Fig. 1. Schematic illustration of the steady. The spin-orbit coupled Bose-Einstein condensate is trapped inside a high Q cavity, driven by control pump field ωE and a probe field ωP. When probe light interacts with pseudo spin-states, these states imprint synthetic texture to the probe light modes (schematically shown in left figure), which then form gapped and gapless bulk modes. But when the atomic dissipations act as a gain or amplification for probe light (schematically illustrated in right figure), surface modes or edge modes of probe light appear on the edges of the spin-states resulting in topology of light.  

In this work, the probe light was used to interact with spin-orbit coupled Bose-Einstein condensate in a cavity system. By adopting the approach of electromagnetically induced transparencies, we observe the transmission of probe light to reveal whether spin texture of spin-orbit coupled atomic states can imprint topological features to interacting probe light or not. The probe-pump induced double excitations of both spin states create transparencies for probe light. After that the pseudo spin states (synthetic spin-up and spin-down) of spin-orbit coupled BEC (in presence of cavity setup and configuration) imprint their signatures in the transmitting probe photons by altering their orbital angular momentum, depending upon the synthetic spin of the atomic states, as schematically illustrated in Fig. 1. However, in amplification case – where the atomic damping greater than cavity decay acts as a gain to the cavity field (κ/γ<1) – a edge-like surface modes appear around the edges of the pseudo-spin states revealing the topological phase transition, as schematically illustrated in Fig. 1 (right).

 Transparencies For Probe Light:

 To start, the phenomenon of electromagnetically induced transparency occurs because of the quantum interferences that permit the transmission of probe light from atomic medium in presence of pump laser induced transitions.

  

Fig. 2. The energy level excitation diagram. The left-side illustrates the probe-pump excitation of the atoms and
right-side is the Raman excitations at storage level for spin-orbit coupling.

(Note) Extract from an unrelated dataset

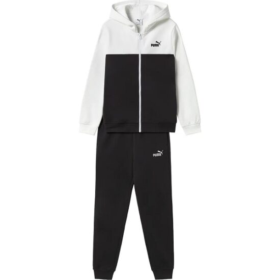 TUTA PUMA HOODED FZ SWEAT SUIT PUMA BLACK WHITE BAMBINO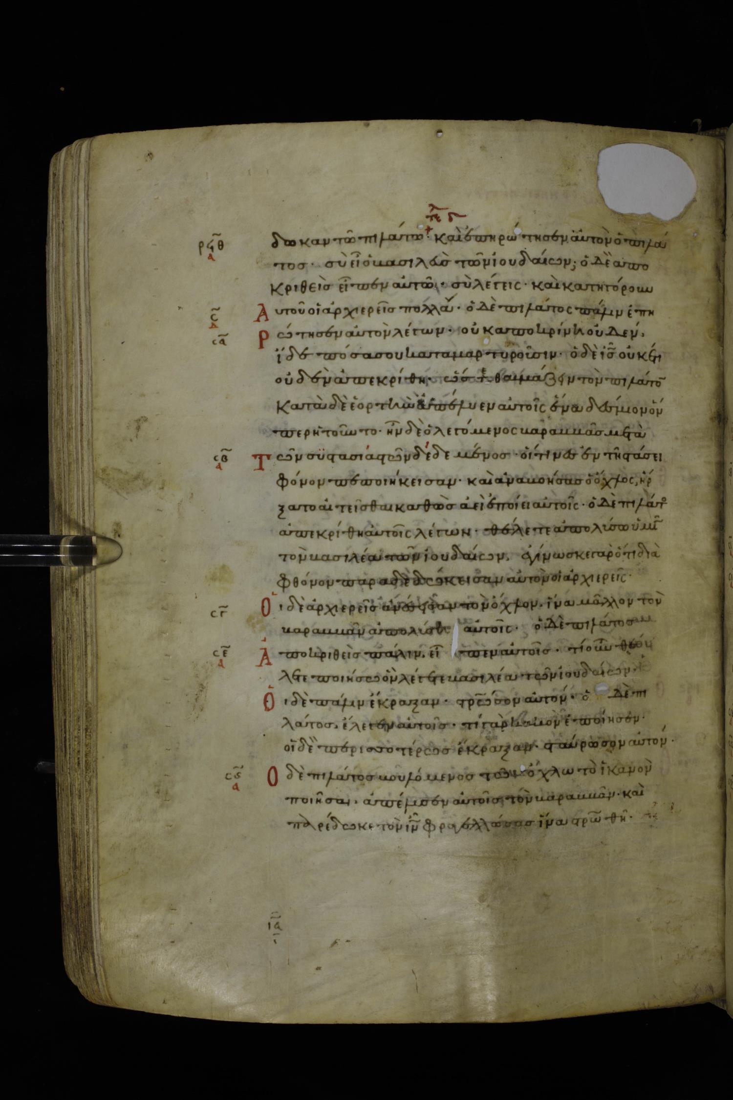 Twelfth century minuscule of the Gospels on parchment; 195 leaves, 1 column, 25 lines per column. Images were taken at the National Library of Greece in Athens.

In this study, the bias magnetic field produces a Zeeman splitting ħωz of electronic ground state manifold (as shown in Fig. 2), yielding to two pseudo spin states |↑〉 and |↓〉. These pseudo spin states then become momentum sensitive because of momentum locking produced by the two counter propagating Raman lasers. These pseudo-spin states get collectively excited to the intermediate or storage state, similarly like any conventional mediums for electromagnetically induced transparency. As both pseudo spin states lay at different levels in the spectrum of intermediate storage state because of probe-pump interactions, therefore, the transitions from both states to the ground state of the system |g〉 are prohibited by the dipole configuration, yielding in two transparencies for the probe light. In other words, now quantum interference between three transitional pathways results in two transparencies. Therefore, the first (or only one) transparency window appears in the probe transmission when only Bose-Einstein condensate (without spin-orbit coupling) is coupled to the cavity. However, in the presence of spin-orbit coupling, the probe transmission shows two windows of electromagnetically induced transparency, because of standard Raman process that converts simple Bose-Einstein condensate to two pseudo spin states.  Further, at higher values of ωz, the Zeeman splitting reaches to such levels from where the transition blockage to the system ground state |g〉 results in another dark state occurring in off-resonance domain of probe-pump detuning.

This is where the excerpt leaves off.